▸ **Task statement**: Send back the data below exactly. Drop every picture.

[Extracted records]
== Segment start ==
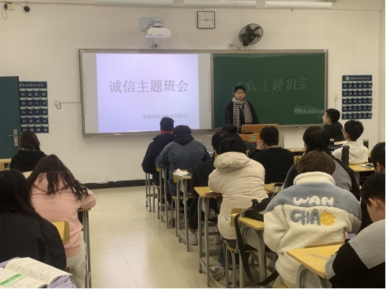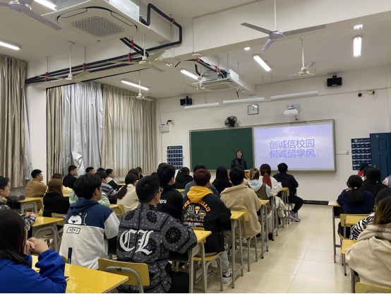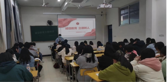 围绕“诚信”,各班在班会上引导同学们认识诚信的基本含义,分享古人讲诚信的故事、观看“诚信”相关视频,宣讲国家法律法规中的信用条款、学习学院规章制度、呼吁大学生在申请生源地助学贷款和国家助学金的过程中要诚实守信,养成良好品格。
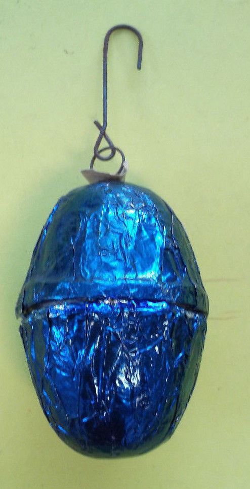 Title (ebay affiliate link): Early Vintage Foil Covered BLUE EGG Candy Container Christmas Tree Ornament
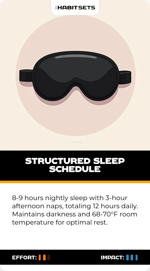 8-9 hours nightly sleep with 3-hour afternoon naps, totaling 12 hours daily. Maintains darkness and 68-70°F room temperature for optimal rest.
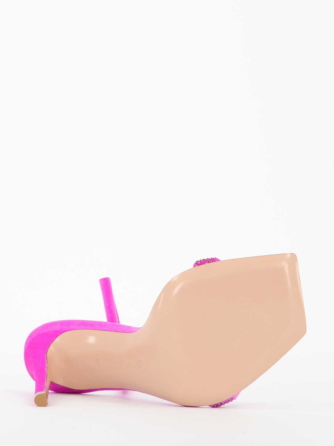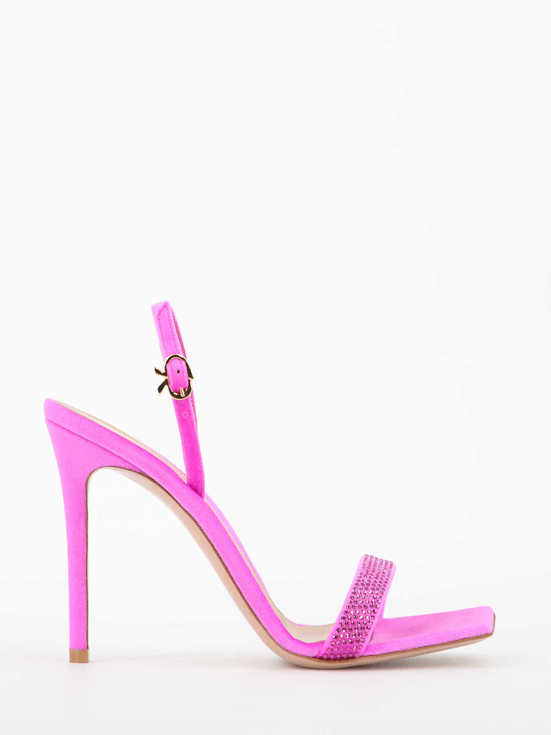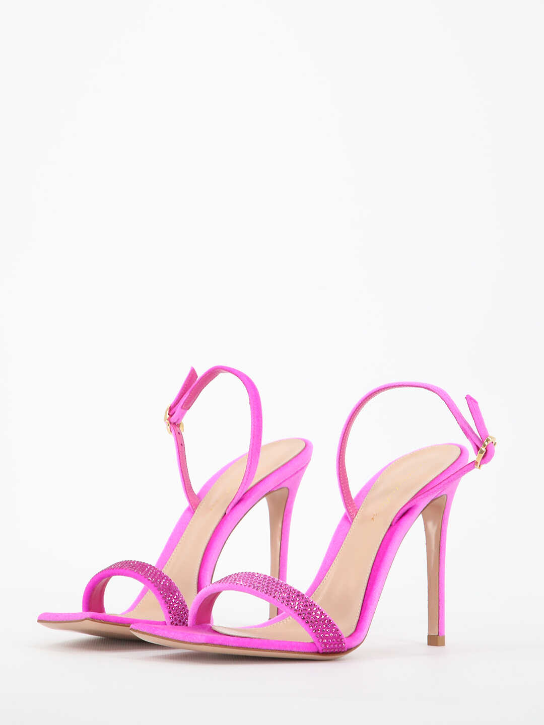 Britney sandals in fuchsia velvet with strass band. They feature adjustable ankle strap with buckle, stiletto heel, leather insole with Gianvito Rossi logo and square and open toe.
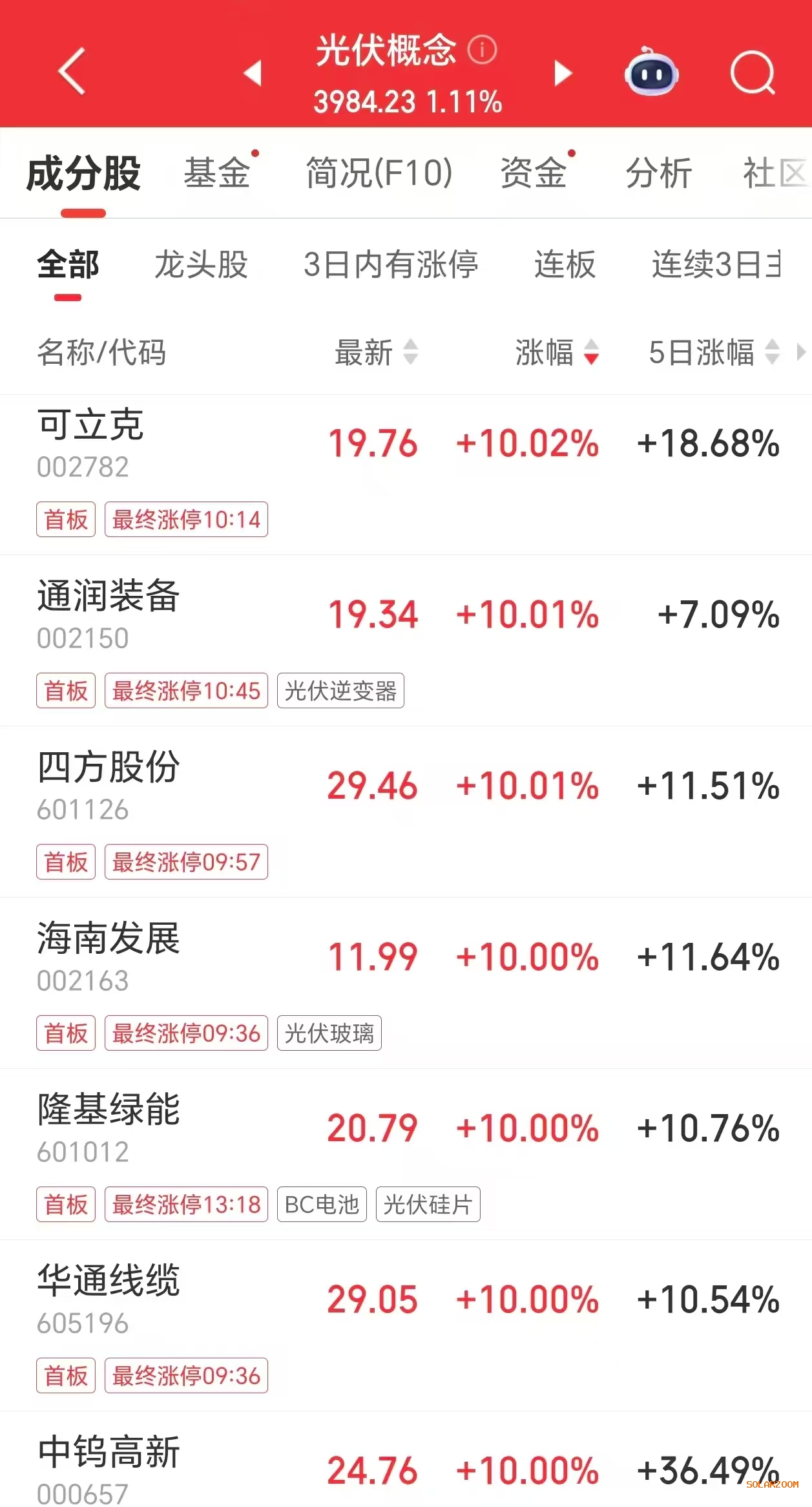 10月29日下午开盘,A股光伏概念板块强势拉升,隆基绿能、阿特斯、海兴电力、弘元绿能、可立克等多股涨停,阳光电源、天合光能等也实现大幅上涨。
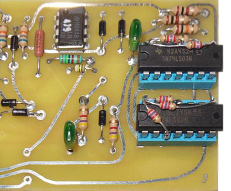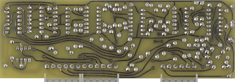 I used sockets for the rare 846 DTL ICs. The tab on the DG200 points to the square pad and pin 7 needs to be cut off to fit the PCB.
== Segment end ==
▸ **Task answer**:
 围绕“诚信”,各班在班会上引导同学们认识诚信的基本含义,分享古人讲诚信的故事、观看“诚信”相关视频,宣讲国家法律法规中的信用条款、学习学院规章制度、呼吁大学生在申请生源地助学贷款和国家助学金的过程中要诚实守信,养成良好品格。
 Title (ebay affiliate link): Early Vintage Foil Covered BLUE EGG Candy Container Christmas Tree Ornament
 8-9 hours nightly sleep with 3-hour afternoon naps, totaling 12 hours daily. Maintains darkness and 68-70°F room temperature for optimal rest.
 Britney sandals in fuchsia velvet with strass band. They feature adjustable ankle strap with buckle, stiletto heel, leather insole with Gianvito Rossi logo and square and open toe.
 10月29日下午开盘,A股光伏概念板块强势拉升,隆基绿能、阿特斯、海兴电力、弘元绿能、可立克等多股涨停,阳光电源、天合光能等也实现大幅上涨。
 I used sockets for the rare 846 DTL ICs. The tab on the DG200 points to the square pad and pin 7 needs to be cut off to fit the PCB.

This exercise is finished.